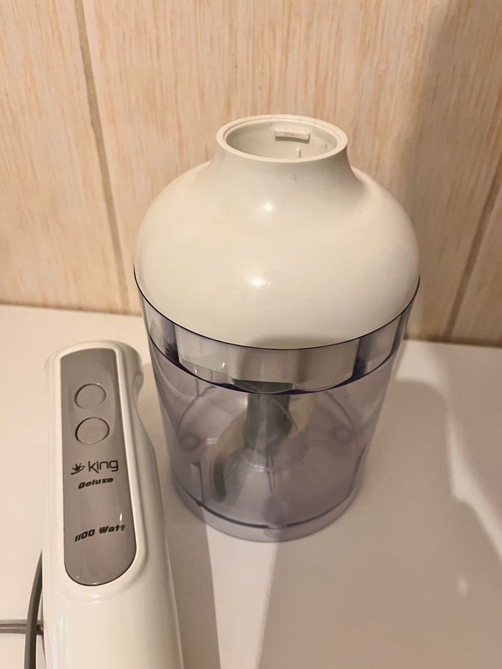 King markalı beyaz ve gri renkli doğrayıcı ve blender seti, 1100 watt gücünde motor ile etkili yiyecek hazırlığı sağlar. Resimde görüldüğü gibidir çalışıyor ihtiyaç fazlasıdır kullanıma bağlı tabiki pürüzsüz mükemmel diyemem ama çalışması sorunsuz
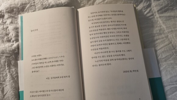 작가는 작가로서의 자신의 인생, 그리고 책을 읽거나 지인과 대화를 나누며 느낀 소회를 풀어놓는다. 주변을 알아가면서도 이것이 결국 본인 소설의 소재가 됐을 때 허락을 받았음에도 불구하고 드는 죄책감에 대해 논할 때는 문득 작년 어떤 문학상의 사건이 떠올랐다. 허락을 받아서 시작했지만 변용된 부분에서 이것이 타인에 대한 작가의 평가처럼 보일까 두려워하는 작가의 모습에서 '소설가로서의 윤리 의식'에 대한 작가의 생각을 엿볼 수 있었다.
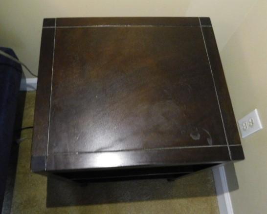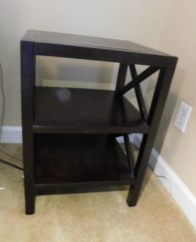 Unit #2:  Dark Wood Finish Shelved Side Table 17"x15"x23"
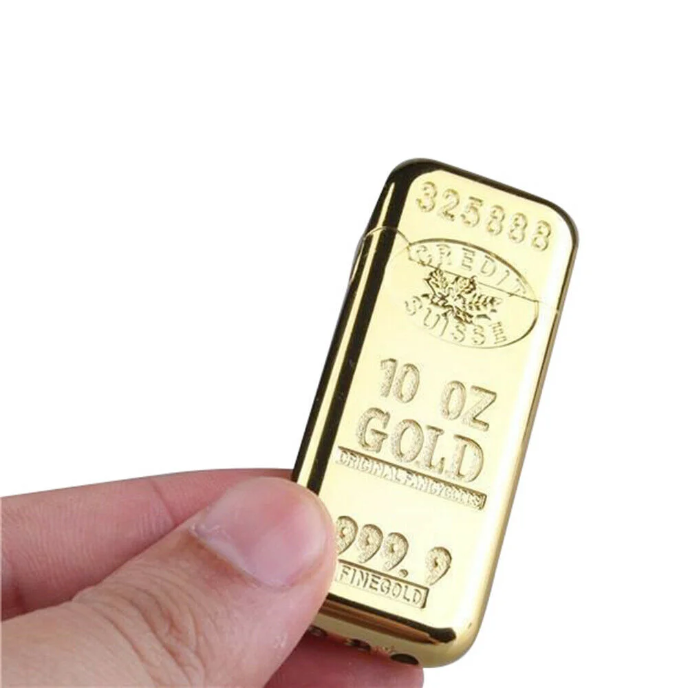 Металлическая зажигалка с золотым кирпичом, шлифовальный круг, компактная Бутановая газовая кремневая зажигалка, зажигалка для надутого м...
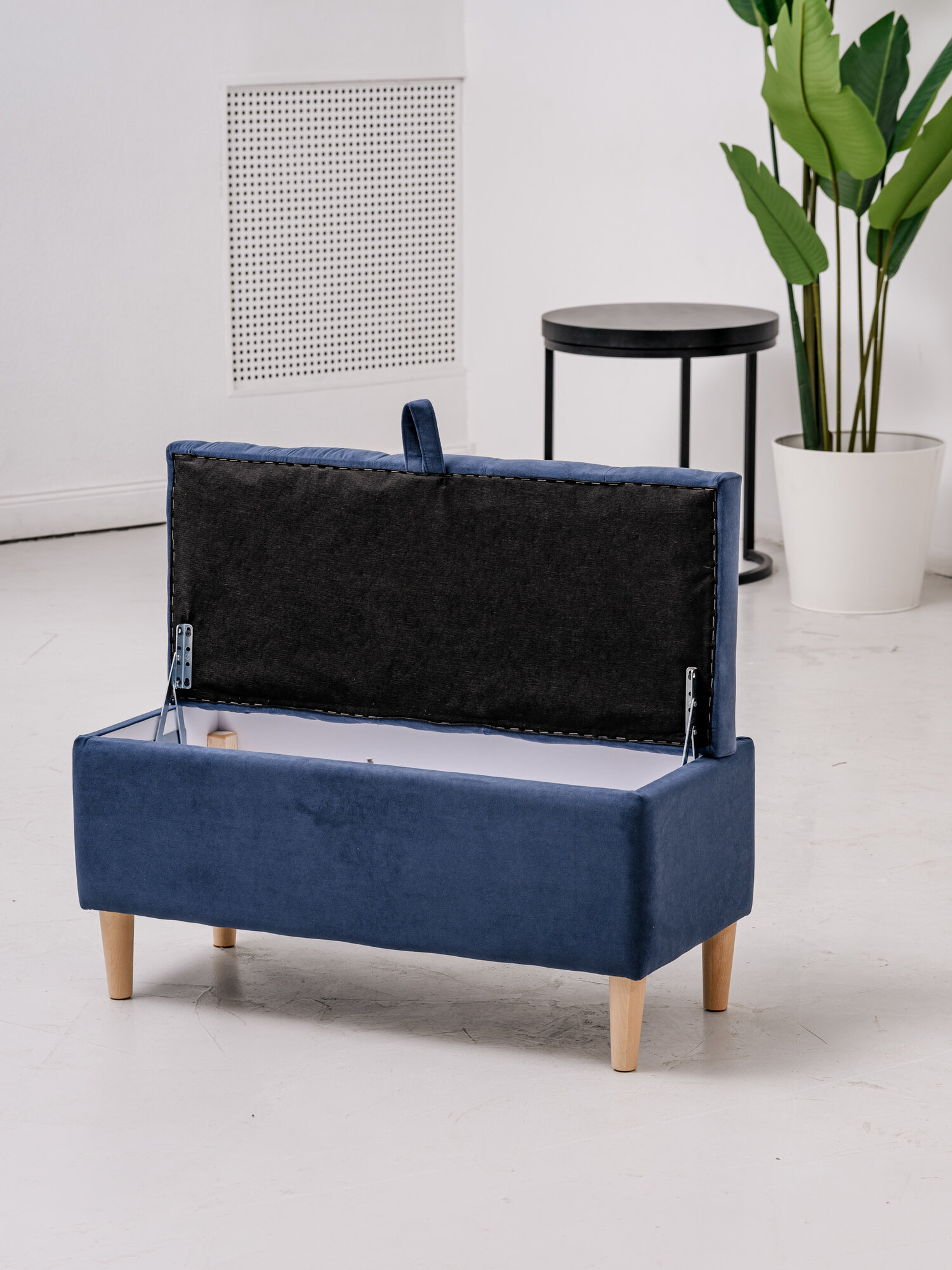 Купить Пуф с коробом для хранения на ножках 111Lux Brendoss, пуфик с ящиком, банкетка, цвет синий, износостойкий велюр
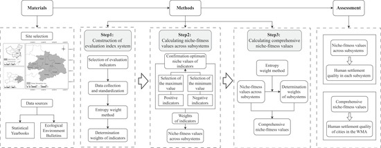 This research develops a niche fitness theory-based framework to assess urban human settlement quality (Figure 1). The process begins with data preparation, involving site selection and data collection from official publications. The methodological core consists of three sequential steps: first, establishing an evaluation index system and determining indicator weights using the entropy weight method; second, calculating subsystem niche-fitness values by integrating optimal niche values with predetermined weights; and third, deriving comprehensive city-level scores through a weighted aggregation of subsystem values, with the weights determined by a second application of the entropy weight method. Ultimately, this approach enables a multidimensional assessment: the subsystem values reflect quality in specific settlement aspects, while the comprehensive scores quantify the overall urban settlement quality for each city.
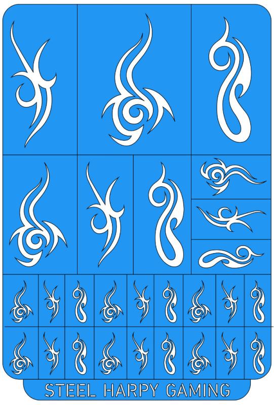 Removable Airbrush & Painting stencils created using high quality British made self-adhesive flexible vinyl. Designed to be used across a variety of mediums but primarily designed for use in tabletop wargaming model and terrain painting.

Task to carry out —
Each entry above should be copied exactly. The pictures should not.

Written answer —
 King markalı beyaz ve gri renkli doğrayıcı ve blender seti, 1100 watt gücünde motor ile etkili yiyecek hazırlığı sağlar. Resimde görüldüğü gibidir çalışıyor ihtiyaç fazlasıdır kullanıma bağlı tabiki pürüzsüz mükemmel diyemem ama çalışması sorunsuz
 작가는 작가로서의 자신의 인생, 그리고 책을 읽거나 지인과 대화를 나누며 느낀 소회를 풀어놓는다. 주변을 알아가면서도 이것이 결국 본인 소설의 소재가 됐을 때 허락을 받았음에도 불구하고 드는 죄책감에 대해 논할 때는 문득 작년 어떤 문학상의 사건이 떠올랐다. 허락을 받아서 시작했지만 변용된 부분에서 이것이 타인에 대한 작가의 평가처럼 보일까 두려워하는 작가의 모습에서 '소설가로서의 윤리 의식'에 대한 작가의 생각을 엿볼 수 있었다.
 Unit #2:  Dark Wood Finish Shelved Side Table 17"x15"x23"
 Металлическая зажигалка с золотым кирпичом, шлифовальный круг, компактная Бутановая газовая кремневая зажигалка, зажигалка для надутого м...
 Купить Пуф с коробом для хранения на ножках 111Lux Brendoss, пуфик с ящиком, банкетка, цвет синий, износостойкий велюр
 This research develops a niche fitness theory-based framework to assess urban human settlement quality (Figure 1). The process begins with data preparation, involving site selection and data collection from official publications. The methodological core consists of three sequential steps: first, establishing an evaluation index system and determining indicator weights using the entropy weight method; second, calculating subsystem niche-fitness values by integrating optimal niche values with predetermined weights; and third, deriving comprehensive city-level scores through a weighted aggregation of subsystem values, with the weights determined by a second application of the entropy weight method. Ultimately, this approach enables a multidimensional assessment: the subsystem values reflect quality in specific settlement aspects, while the comprehensive scores quantify the overall urban settlement quality for each city.
 Removable Airbrush & Painting stencils created using high quality British made self-adhesive flexible vinyl. Designed to be used across a variety of mediums but primarily designed for use in tabletop wargaming model and terrain painting.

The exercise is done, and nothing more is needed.